There are many reasons why a dog may be aggressive towards family members. The most common causes include conflict aggression, fear-based aggression, defensiveness, status-related aggression, possessive aggression, food-preserving aggression, and diversionary aggression. Living with an aggressive dog with family members can be difficult, dangerous, disappointing, and frustrating (see Aggression – Diagnosis and Overview).

According to the CDC, 800,000 people seek medical attention for dog bites each year, half of which are children (see Aggression – Children). Dog bites are not uncommon; These are common events that occur in the life of the average family and it is estimated that 15% of dog owners have been bitten by their own dog. Once bitten by a dog, at least in that situation, children have demonstrated a willingness to use biting as a behavioral strategy and are therefore more likely to bite. Dogs that are willing to be aggressive to change the outcome of a situation are rarely curable.

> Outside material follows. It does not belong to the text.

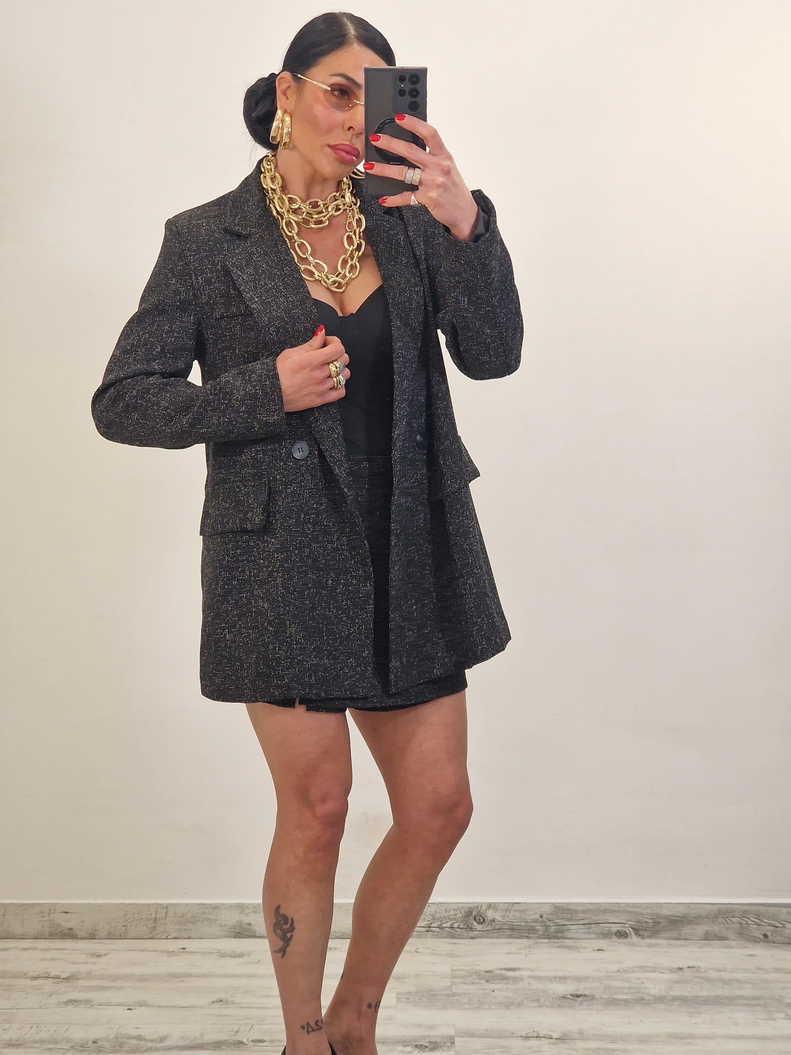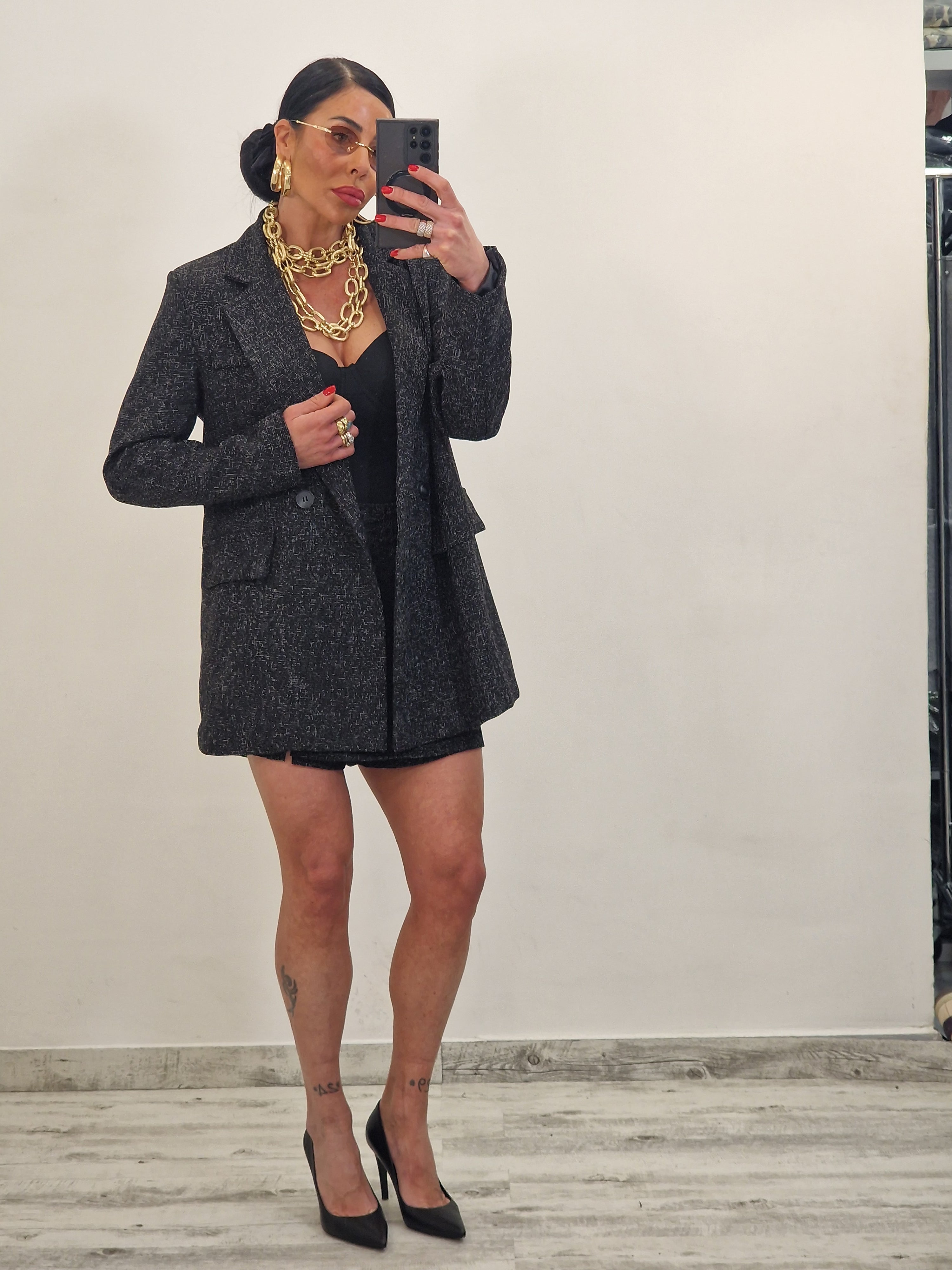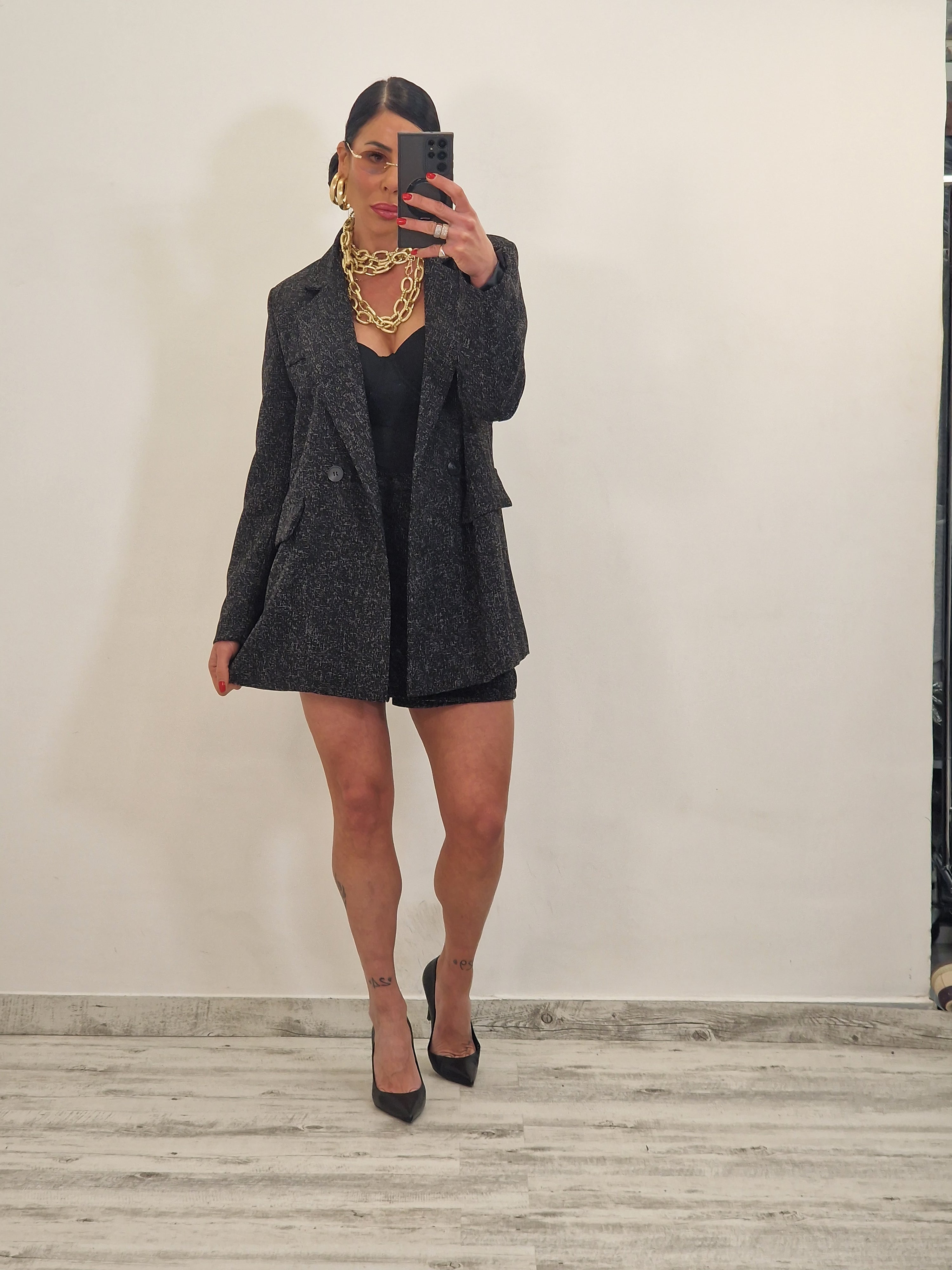 Coordinato composto da blazer morbido con spalline e

The severity of the bite can be assessed by carefully considering the situation, the damage caused by the bite, the choices the dog makes including the dog’s willingness to avoid escalating to the point of being injured. bite by growling, growling or biting and diagnosing the type of aggressive behavior. . Complicated cases may require the experience of a board-certified veterinary behaviorist to evaluate and prioritize this assessment.

Safety and preventing bites is a necessary first step; both in keeping family members safe and initiating the behavior modification process. First, identify all situations that could lead to aggressive behavior and prevent access to these situations (by confinement or confinement, muzzle, or environmental manipulation) or control the dog when confrontation may occur (e.g. chain and head restraint, fastening). It is then essential to avoid these situations to prevent further injury and learning. While the long-term goal is to reduce or eliminate the potential for aggression in these situations, each new episode can lead to injury and worsen the problem. Collars and headbands are a good way to control and deter aggressive behavior even indoors. A properly fitted muzzle is even more effective at preventing bites and can be helpful in some cases. The dog is unlikely to change his behavior without retraining and the dog learns from every opportunity to practice his aggression; so limit his chances for more aggressive encounters

Once families decide to begin a behavior modification program for aggression, their ability to keep everyone safe and prevent episodes of aggression must be continually reevaluated. If unsafety occurs frequently, accidental bites or new bites occur in new and unforeseen circumstances, the decision to keep and treat this dog must be reevaluated.